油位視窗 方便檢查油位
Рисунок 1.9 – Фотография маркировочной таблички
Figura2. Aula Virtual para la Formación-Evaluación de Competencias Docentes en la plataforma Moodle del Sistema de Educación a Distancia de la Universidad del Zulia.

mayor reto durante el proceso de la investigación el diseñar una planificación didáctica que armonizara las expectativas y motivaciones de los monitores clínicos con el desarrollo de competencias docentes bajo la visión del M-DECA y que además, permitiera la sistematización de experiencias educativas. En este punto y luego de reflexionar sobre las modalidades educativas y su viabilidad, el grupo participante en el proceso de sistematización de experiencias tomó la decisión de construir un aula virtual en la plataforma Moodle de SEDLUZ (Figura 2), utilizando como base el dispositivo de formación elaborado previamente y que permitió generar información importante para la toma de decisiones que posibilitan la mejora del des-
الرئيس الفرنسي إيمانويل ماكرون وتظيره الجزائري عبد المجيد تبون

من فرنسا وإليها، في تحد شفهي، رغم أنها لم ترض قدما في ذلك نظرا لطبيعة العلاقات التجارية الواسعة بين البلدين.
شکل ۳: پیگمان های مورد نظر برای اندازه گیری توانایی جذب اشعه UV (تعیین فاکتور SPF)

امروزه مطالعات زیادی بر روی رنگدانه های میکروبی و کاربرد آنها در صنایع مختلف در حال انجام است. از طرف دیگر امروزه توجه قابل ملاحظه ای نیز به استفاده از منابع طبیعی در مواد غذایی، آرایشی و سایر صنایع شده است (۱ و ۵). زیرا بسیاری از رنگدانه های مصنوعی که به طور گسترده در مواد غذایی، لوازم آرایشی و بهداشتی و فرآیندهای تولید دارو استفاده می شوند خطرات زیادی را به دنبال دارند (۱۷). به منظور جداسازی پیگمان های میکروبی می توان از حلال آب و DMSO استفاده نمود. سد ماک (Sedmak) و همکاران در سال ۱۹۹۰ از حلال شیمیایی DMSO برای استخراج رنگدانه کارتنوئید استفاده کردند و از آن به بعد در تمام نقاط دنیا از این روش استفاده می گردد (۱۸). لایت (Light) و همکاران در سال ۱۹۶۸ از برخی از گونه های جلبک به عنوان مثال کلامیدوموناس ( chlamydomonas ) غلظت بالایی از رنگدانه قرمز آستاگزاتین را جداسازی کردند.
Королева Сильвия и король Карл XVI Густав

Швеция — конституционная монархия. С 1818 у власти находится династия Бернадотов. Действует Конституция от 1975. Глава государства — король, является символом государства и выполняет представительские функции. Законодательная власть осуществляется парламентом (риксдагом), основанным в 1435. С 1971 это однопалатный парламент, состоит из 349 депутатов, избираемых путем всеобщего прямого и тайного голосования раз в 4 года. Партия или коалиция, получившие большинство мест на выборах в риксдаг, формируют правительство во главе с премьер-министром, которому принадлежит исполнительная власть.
----------
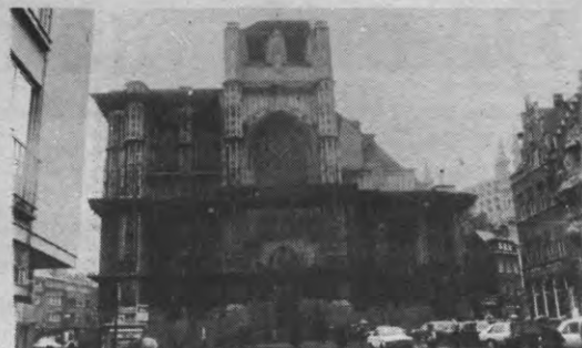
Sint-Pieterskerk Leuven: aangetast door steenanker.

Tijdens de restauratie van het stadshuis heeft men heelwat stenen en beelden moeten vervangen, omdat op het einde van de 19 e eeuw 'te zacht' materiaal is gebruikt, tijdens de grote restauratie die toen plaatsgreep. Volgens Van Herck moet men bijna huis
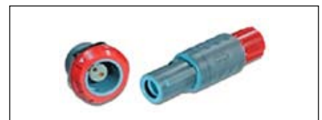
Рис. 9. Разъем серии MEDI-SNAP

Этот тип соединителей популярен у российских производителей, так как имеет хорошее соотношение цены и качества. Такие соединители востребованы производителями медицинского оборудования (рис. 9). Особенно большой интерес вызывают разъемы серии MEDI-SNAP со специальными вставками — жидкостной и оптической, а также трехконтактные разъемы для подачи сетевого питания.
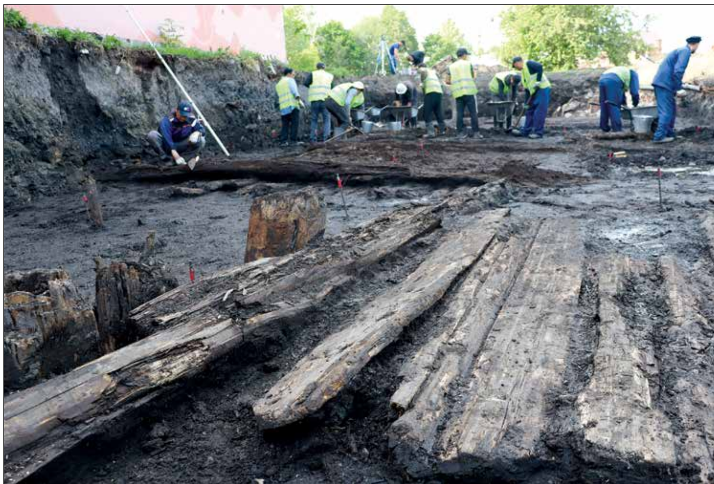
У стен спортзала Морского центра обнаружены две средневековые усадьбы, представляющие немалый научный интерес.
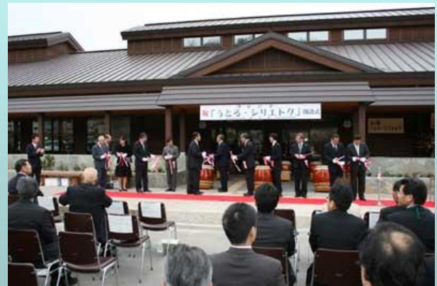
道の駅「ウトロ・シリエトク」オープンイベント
----------
__Work to complete__:
Here the job is to set down exactly the lines of the material above that fall between the one with "Рисунок 1.9 –" and the one with "Figura2. Aula Virtual", inclusive, and nothing beyond them.

__Answer to the exercise__:
Рисунок 1.9 – Фотография маркировочной таблички
Figura2. Aula Virtual para la Formación-Evaluación de Competencias Docentes en la plataforma Moodle del Sistema de Educación a Distancia de la Universidad del Zulia.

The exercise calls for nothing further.